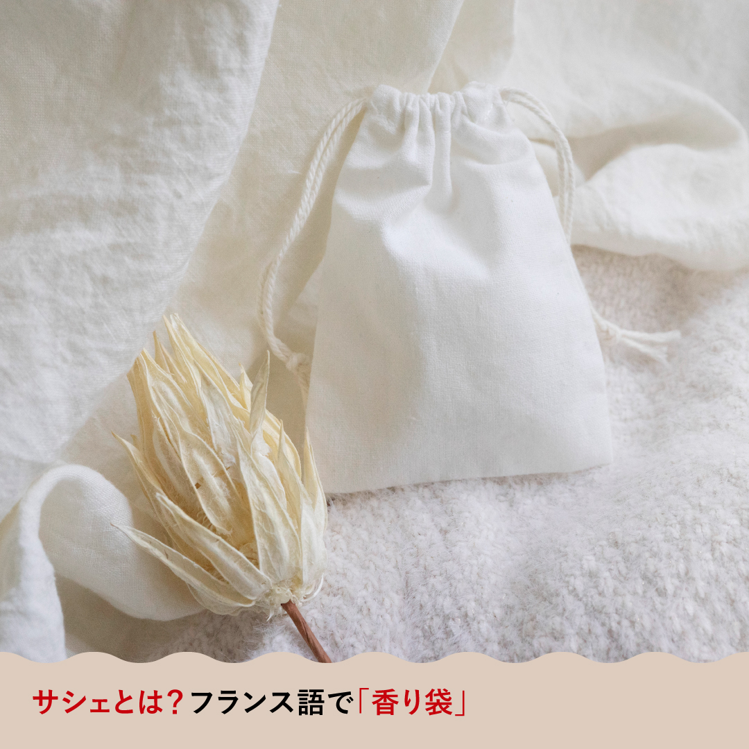サシェはフランス語で「香り袋」。部屋に置いたり、衣装ボックスに入れたりして香りを楽しみます。
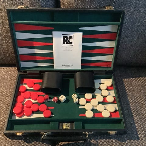 Backgammon-setti salkussa – lähes käyttämätön
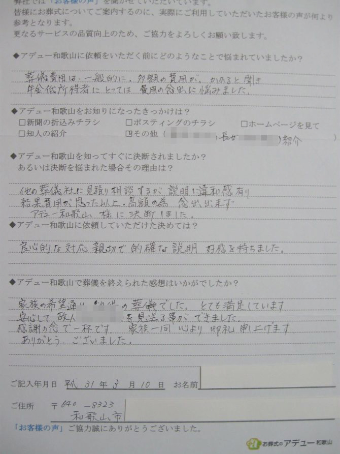 他の葬儀社に見積り相談するが説明に違和感有り結果費用が思った以上、高額の為捻出できずアデュー和歌山様に決断しました。
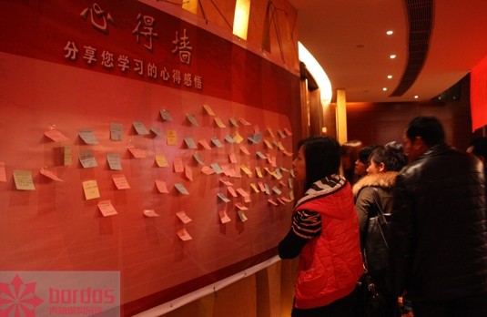 \u00A0\u00A0\u00A0\u00A0活到老學(xué)到老,我們的經(jīng)銷商朋友也是非常好學(xué)的,學(xué)完之后還細心的寫了學(xué)習(xí)心得,貼在會場劃分出來的小塊區(qū)域里,當(dāng)然也可以互相分享、互相學(xué)習(xí)。貼完之后趕緊整頓一下激動的心情,因為第二天會有更激動的事情來臨啊,那就是千島湖豪華一日游!游山玩水,吃新鮮水產(chǎn),累了還可以在超級豪華大游艇上休息休息,春光明媚,迎著碧水藍天,仰面輕輕呼吸,多么美好的生活啊!
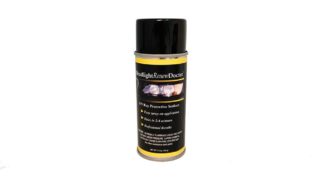 Using the spray can, spray an even “semi-gloss-coat” over entire headlight surface using sweeping left to right motion. Allow 1st coat to dry approx. 2-3 minutes.* Then apply a second gloss-coat coat evenly over entire surface. Refer to website video for applying UV Ray protective Sealant process! (You may want to practice spraying a small amount on a board before applying Sealant to the headlight.)

□ □ □

> [What the task asks]:
Please repeat the data above exactly as it appears, pictures excluded.

> [Task output]:
サシェはフランス語で「香り袋」。部屋に置いたり、衣装ボックスに入れたりして香りを楽しみます。
 Backgammon-setti salkussa – lähes käyttämätön
 他の葬儀社に見積り相談するが説明に違和感有り結果費用が思った以上、高額の為捻出できずアデュー和歌山様に決断しました。
 \u00A0\u00A0\u00A0\u00A0活到老學(xué)到老,我們的經(jīng)銷商朋友也是非常好學(xué)的,學(xué)完之后還細心的寫了學(xué)習(xí)心得,貼在會場劃分出來的小塊區(qū)域里,當(dāng)然也可以互相分享、互相學(xué)習(xí)。貼完之后趕緊整頓一下激動的心情,因為第二天會有更激動的事情來臨啊,那就是千島湖豪華一日游!游山玩水,吃新鮮水產(chǎn),累了還可以在超級豪華大游艇上休息休息,春光明媚,迎著碧水藍天,仰面輕輕呼吸,多么美好的生活啊!
 Using the spray can, spray an even “semi-gloss-coat” over entire headlight surface using sweeping left to right motion. Allow 1st coat to dry approx. 2-3 minutes.* Then apply a second gloss-coat coat evenly over entire surface. Refer to website video for applying UV Ray protective Sealant process! (You may want to practice spraying a small amount on a board before applying Sealant to the headlight.)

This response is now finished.